Per quanto riguarda il servizio economico finanziario è stato riscontrato un “diffuso disordine amministrativo e l’assenza di interscambio di dati tra gli uffici amministrativi dell’ente, con inefficienze ed omissioni nella riscossione dei tributi dalle quali hanno tratto vantaggio sia soggetti legati agli amministratori che appartenenti alla locale organizzazione criminale”. 
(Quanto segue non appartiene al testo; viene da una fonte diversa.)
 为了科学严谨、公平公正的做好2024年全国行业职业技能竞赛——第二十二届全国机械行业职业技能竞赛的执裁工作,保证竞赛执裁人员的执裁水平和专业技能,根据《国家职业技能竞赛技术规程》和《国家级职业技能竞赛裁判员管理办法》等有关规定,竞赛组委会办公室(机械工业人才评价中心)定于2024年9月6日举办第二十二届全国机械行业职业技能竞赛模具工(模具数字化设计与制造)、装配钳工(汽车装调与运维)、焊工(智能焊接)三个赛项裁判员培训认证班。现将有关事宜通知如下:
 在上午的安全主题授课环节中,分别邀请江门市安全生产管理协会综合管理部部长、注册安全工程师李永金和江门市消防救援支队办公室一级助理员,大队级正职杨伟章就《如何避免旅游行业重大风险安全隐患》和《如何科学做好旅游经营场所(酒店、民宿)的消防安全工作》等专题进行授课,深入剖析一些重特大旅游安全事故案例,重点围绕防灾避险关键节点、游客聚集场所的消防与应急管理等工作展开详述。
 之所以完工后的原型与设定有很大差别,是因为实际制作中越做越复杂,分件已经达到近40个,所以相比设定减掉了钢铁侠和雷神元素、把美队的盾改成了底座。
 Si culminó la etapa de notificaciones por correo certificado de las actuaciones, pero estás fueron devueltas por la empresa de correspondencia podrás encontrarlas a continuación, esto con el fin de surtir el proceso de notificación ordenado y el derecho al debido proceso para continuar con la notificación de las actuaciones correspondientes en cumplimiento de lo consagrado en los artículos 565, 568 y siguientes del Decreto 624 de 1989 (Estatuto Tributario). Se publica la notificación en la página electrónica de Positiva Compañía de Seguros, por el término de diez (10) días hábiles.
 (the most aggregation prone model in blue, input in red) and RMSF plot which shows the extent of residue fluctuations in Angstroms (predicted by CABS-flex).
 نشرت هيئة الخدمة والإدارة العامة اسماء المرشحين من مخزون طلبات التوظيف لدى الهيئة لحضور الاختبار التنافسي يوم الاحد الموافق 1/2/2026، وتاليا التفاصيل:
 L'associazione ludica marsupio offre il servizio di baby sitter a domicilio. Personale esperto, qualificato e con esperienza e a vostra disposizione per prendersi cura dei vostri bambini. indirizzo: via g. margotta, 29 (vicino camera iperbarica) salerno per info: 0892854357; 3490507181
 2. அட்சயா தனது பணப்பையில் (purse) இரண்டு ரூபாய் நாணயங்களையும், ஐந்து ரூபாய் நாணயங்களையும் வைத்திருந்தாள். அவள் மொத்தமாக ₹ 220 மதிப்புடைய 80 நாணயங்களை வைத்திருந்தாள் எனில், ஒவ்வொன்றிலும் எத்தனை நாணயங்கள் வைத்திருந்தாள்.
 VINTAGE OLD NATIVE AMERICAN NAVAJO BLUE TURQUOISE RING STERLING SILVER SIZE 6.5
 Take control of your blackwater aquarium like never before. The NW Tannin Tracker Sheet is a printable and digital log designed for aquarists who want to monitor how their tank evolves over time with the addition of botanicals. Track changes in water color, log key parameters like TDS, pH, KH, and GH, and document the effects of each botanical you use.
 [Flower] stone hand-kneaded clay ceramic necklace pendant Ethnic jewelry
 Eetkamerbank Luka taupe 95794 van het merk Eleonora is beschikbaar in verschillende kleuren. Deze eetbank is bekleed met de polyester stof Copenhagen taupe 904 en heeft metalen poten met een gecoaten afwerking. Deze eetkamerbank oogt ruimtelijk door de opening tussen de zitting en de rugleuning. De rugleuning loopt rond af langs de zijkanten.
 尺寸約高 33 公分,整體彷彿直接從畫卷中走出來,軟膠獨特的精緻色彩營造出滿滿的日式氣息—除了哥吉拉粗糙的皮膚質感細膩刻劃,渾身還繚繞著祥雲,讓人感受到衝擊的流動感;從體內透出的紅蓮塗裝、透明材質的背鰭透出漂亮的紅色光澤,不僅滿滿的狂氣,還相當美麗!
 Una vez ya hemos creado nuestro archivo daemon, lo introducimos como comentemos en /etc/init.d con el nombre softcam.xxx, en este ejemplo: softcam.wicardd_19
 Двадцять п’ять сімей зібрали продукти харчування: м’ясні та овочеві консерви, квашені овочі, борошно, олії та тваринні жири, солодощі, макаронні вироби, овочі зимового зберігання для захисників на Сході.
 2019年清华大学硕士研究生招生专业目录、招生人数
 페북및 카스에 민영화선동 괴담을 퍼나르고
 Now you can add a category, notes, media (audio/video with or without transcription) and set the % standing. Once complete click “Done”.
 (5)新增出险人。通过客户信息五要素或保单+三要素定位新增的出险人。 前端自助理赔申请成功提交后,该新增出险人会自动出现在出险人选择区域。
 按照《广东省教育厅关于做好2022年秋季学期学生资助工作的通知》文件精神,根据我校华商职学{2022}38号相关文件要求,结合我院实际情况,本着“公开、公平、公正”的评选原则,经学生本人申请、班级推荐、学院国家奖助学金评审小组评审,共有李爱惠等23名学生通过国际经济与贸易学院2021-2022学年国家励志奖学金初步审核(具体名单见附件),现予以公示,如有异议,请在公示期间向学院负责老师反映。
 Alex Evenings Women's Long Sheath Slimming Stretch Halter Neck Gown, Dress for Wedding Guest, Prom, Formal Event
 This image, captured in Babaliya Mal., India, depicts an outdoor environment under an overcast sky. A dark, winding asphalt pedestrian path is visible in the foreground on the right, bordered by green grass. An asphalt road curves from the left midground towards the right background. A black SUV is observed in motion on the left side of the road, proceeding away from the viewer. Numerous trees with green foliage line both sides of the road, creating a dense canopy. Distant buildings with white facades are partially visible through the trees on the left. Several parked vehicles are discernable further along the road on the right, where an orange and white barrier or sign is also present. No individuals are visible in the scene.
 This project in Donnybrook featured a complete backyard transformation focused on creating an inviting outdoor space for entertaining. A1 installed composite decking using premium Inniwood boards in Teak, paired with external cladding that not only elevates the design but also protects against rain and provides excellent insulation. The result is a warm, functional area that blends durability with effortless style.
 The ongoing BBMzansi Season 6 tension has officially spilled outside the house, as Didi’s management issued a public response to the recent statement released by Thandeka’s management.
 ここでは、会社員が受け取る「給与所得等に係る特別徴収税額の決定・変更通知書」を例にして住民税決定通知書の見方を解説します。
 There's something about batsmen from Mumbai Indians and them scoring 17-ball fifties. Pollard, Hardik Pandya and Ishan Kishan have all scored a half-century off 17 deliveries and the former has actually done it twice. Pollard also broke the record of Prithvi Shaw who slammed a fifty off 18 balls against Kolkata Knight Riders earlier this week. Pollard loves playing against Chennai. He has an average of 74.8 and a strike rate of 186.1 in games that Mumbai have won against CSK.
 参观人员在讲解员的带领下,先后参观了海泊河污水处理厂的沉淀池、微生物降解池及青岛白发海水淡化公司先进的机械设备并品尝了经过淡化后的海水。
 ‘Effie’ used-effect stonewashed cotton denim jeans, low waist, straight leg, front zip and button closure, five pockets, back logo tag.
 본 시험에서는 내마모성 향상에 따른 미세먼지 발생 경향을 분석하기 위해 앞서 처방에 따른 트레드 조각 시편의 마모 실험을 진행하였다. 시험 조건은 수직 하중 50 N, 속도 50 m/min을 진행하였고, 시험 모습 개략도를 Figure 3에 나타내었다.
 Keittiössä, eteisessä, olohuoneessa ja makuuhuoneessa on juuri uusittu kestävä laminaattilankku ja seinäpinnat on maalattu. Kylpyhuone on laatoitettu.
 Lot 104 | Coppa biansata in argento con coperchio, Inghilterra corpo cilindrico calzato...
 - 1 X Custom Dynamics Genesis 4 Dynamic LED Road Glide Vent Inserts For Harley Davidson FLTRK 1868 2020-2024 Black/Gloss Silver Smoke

Si è quindi dinanzi, secondo il Ministero dell’Interno, la Prefettura di Vibo Valentia, il Consiglio dei Ministri ed il Presidente della Repubblica che ha firmato il decreto di scioglimento, ad uno “svilimento e ad una perdità di credibilità del Comune” di Limbadi che ha provocato un pregiudizio agli interessi della collettività, con un “avvilente e desolante contesto generale di rapporti tra l’ambiente politico ed il locale di ‘ndrangheta dei Mancuso, che ha reso necessario l’intervento dello Stato per assicurare la riconduzione dell’ente alla legalità”.